Psychological well-being is increasingly understood as a multidimensional phenomenon encompassing emotional regulation, adaptive coping, resilience, meaning-making, and inner peace across the lifespan, rather than merely the absence of psychological disorder. However, many contemporary psychological frameworks remain constrained by an ego-centric model of selfhood and agency, limiting their capacity to address existential anxiety, moral conflict, uncertainty, and the psychological burden of perceived doership and outcome fixation. Grounded in Indian Psychology, the present theoretical paper offers an integrated philosophical and psychological examination of Śaraṇāgati as articulated in the Śrīmad Bhagavad Gītā, where surrender to God functions as the culminating resolution of human psychological and existential conflict. The paper explicitly adopts a theistic understanding of Śaraṇāgati as complete surrender of ego-based control to God, while employing psychological concepts solely to elucidate its experiential, regulatory, and therapeutic implications, without reducing or secularizing its metaphysical meaning.

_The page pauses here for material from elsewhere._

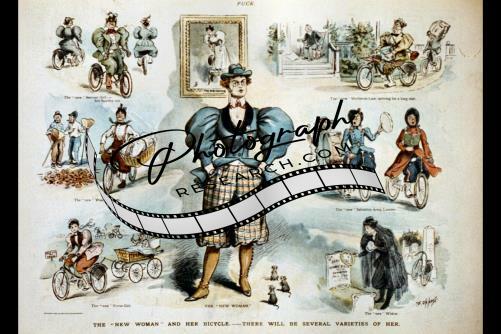 The New Woman,bicycle,caricature,wearing pantaloons,riding bikes,1895,Puck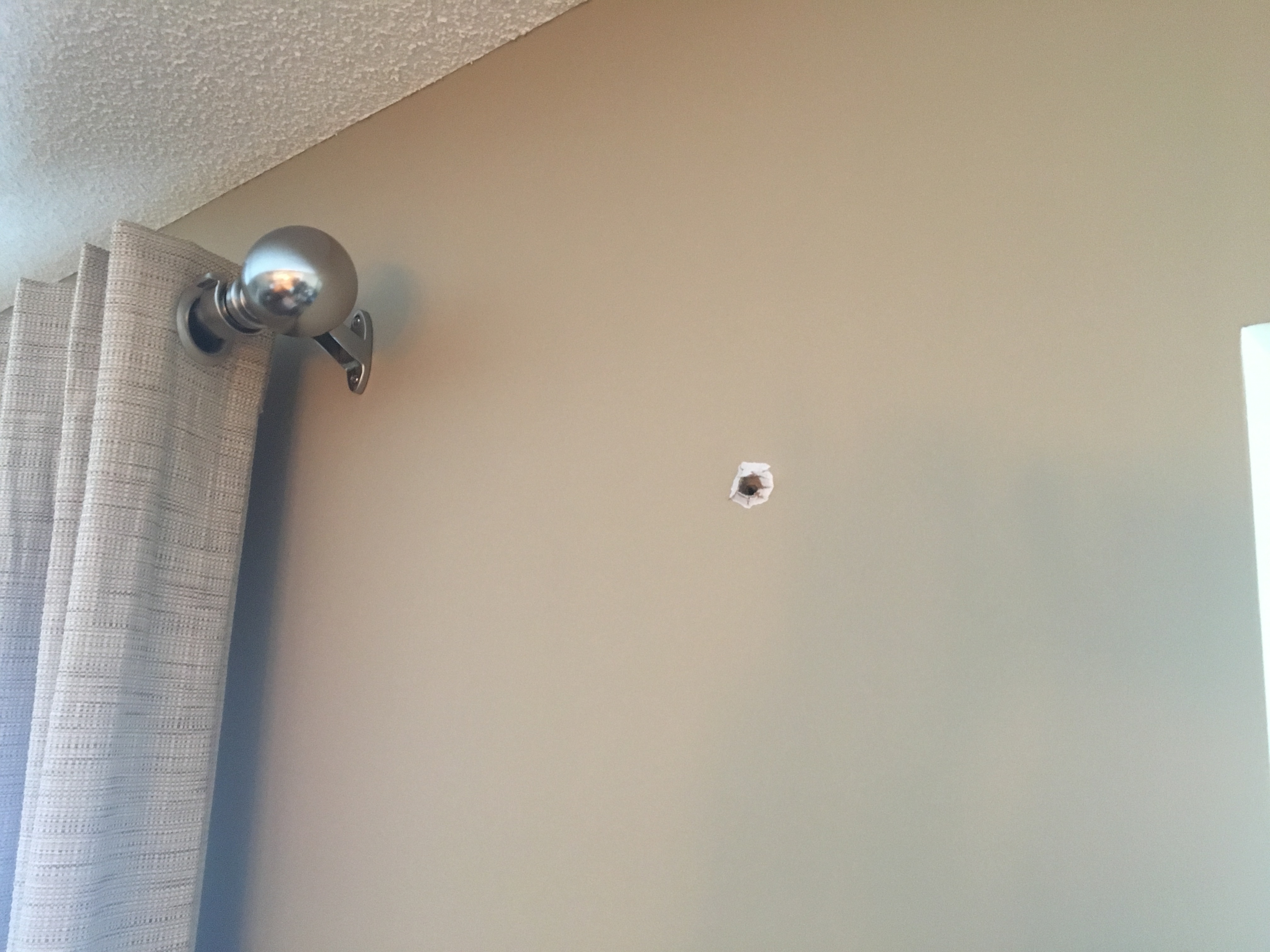 Photos from the home show a small bullet hole in the siding on the outside of the home, a hole in an inside wall near a curtain rod and a hole in a kitchen cupboard.

Through close textual analysis integrated with constructs from depth psychology, attachment theory, existential psychology, and emotion regulation research, the paper demonstrates that Śaraṇāgati represents an ontological reorientation of the self that directly restructures psychological functioning. Surrender to God is shown to dismantle rigid ego-identification and the illusion of absolute doership, thereby reducing anxiety rooted in hyper-control and moral over-responsibility. At the affective level, Śaraṇāgati enhances emotional regulation and tolerance of uncertainty by grounding inner security in transpersonal attachment to the Divine, while at the motivational level it transforms action into disciplined engagement without outcome anxiety.
The paper concludes that Śaraṇāgati, as presented in the Bhagavad Gītā, constitutes a philosophically coherent and psychologically robust psychospiritual framework with significant implications for psychological well-being across the lifespan, including contexts of existential distress, chronic stress, trauma recovery, moral injury, and spiritually informed rehabilitation.